07.03.2006 - (idw) Arbeitsgemeinschaft der Wissenschaftlichen Medizinischen Fachgesellschaften

DGAI - Aus Fehlern anderer lernen:
Anonymes Informationssystem erhöht Patientensicherheit

Nürnberg - Noch nie waren Narkosen so sicher wie heute. Die Deutsche Gesellschaft für Anästhesiologie und Intensivmedizin (DGAI) will die Patientensicherheit jedoch weiter verbessern. Deshalb startet sie ein anonymes Meldesystem, das die Zahl von Beinhahe-Fehlern im Krankenhaus reduzieren soll. In dem "Patienten-Sicherheits-Optimierungs-System" (PaSOS) werden Beinahe-Unfälle erfasst und die zugrunde liegenden Ursachen von einem Expertenteam analysiert. Die Ergebnisse samt Analyse stehen anschließend allen beteiligten Kliniken zur Verfügung. Vorbild ist die Luftfahrt, die mit der Analyse von Beinahe-Unfällen seit langem ihre Sicherheit erhöht. "So kann jeder Teilnehmer aus den Fehlern anderer lernen", fasst Dr. med. Alexander Schleppers, Ärztlicher Geschäftsführer der DGAI, die Idee des Projekts zusammen. Denn kritische Ereignisse, die nicht zu einer Schädigung von Patienten führen, sind im Krankenhaus an der Tagesordnung. Heute weiß man: In den meisten Fällen ist es nicht mangelndes Fachwissen, sondern eine unglückliche Verkettung von Ereignissen, welche die Beinahe-Fehler hervorrufen: Müdigkeit, Ablenkung oder organisatorische Mängel zum Beispiel. So ist denn auch die Hälfte aller Zwischenfälle vermeidbar, schätzen Experten.

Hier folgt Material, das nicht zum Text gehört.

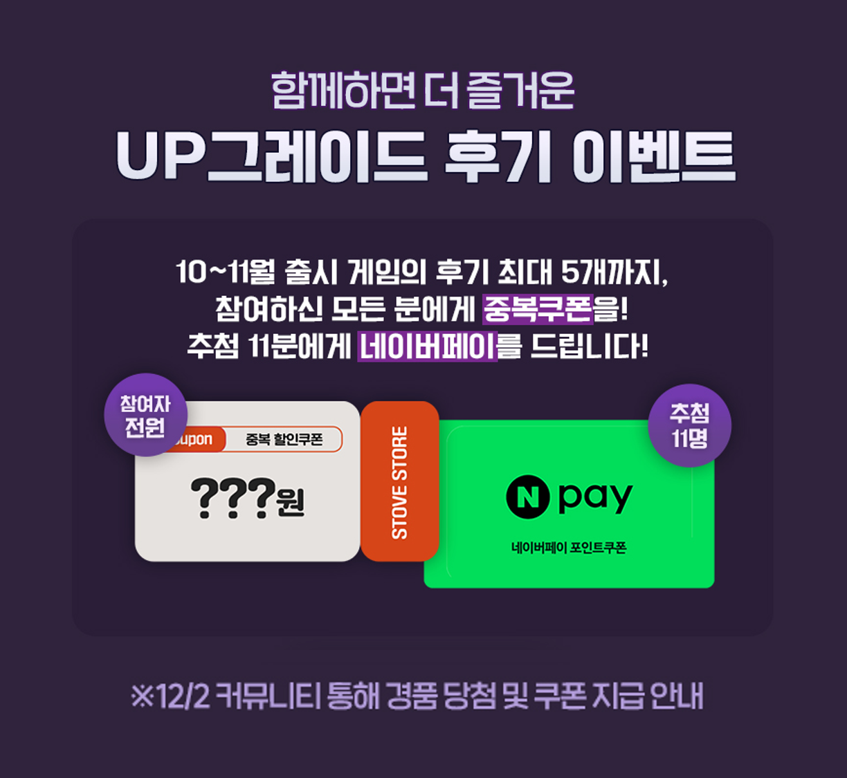 - 스토어 쿠폰: 12월 2일(화)부터 각 계정의 쿠폰함으로 순차 지급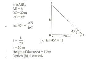 5. The angle of elevation of the top of a tower from a point 20 m away from its base is 45°. What is the height of the tower?

Mit Hilfe von PaSOS soll die Patientensicherheit nun weiter erhöht werden. Das wichtigste Prinzip des Systems ist die Anonymität: Jeder Mitarbeiter einer Abteilung - ob Arzt oder Pflegender - kann Vorkommnisse melden. Sie werden geschützt ins zentrale System eingespeist und anonymisiert. "So kann niemand später aufgrund seiner freiwilligen Angaben zur Rechenschaft gezogen werden", erläutert Schleppers. Der anonymisierte Fallbericht steht inklusive einer Expertenanalyse anderen Kliniken zur Verfügung. Die Mitarbeiter der berichtenden Abteilung erhalten zudem ein Feedback, damit sie die Fehlerquelle möglichst rasch beseitigen können.

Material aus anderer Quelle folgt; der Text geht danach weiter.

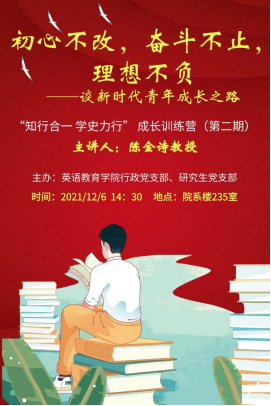 学院副院长陈金诗教授作“初心不改,奋斗不止,理想不负”主题讲座,他以自身五十年风雨成长路为背景,从艰苦求学的学生时代到十余年初中英语教学生涯,从32岁重返高校攻读硕博不畏困难钻研学术,到入职广外平衡教学、科研、行政、社会服务的高校教师,陈金诗在回顾和剖析人生成长路上不同阶段的经验得失中,表达了关于新时代青年成长之路的深刻见解。他认为在成为教师的道路上,要始终饱含感恩之心,始终不忘育人初心,用努力浇灌学术之花,用奋斗成就美好人生。现场同志们无不被陈金诗教授少年时的求学韧劲和青春激昂,青年时的考博信念和学术热情,和中年时的初心不改和低调奉献所感染,对于自身的学习工作和职业奋斗有了深切的感悟启发。

Andererseits kann ein gutes "Patienten-Sicherheits-Optimierungs-System" mehr als nur Ereignisse zu analysieren: Die konkreten Fallanalysen und die offiziellen Rückmeldungen erhöhen auch den Druck auf Krankenhausleitung und Hersteller medizinischer Geräte, bestehende Proleme auszuräumen, glaubt der ärztliche Geschäftsführer: "Das bringt oft mehr, als eine vage mündliche Mitteilung." Darüber hinaus kann es, wenn es systemische Fehler entdeckt, auch in zielgerichteten Weiter- und Fortbildungsempfehlungen münden. "Damit leistet PaSOS einen wichtigen Beitrag zur Prozessverbesserung in Kliniken", so Schleppers weiter.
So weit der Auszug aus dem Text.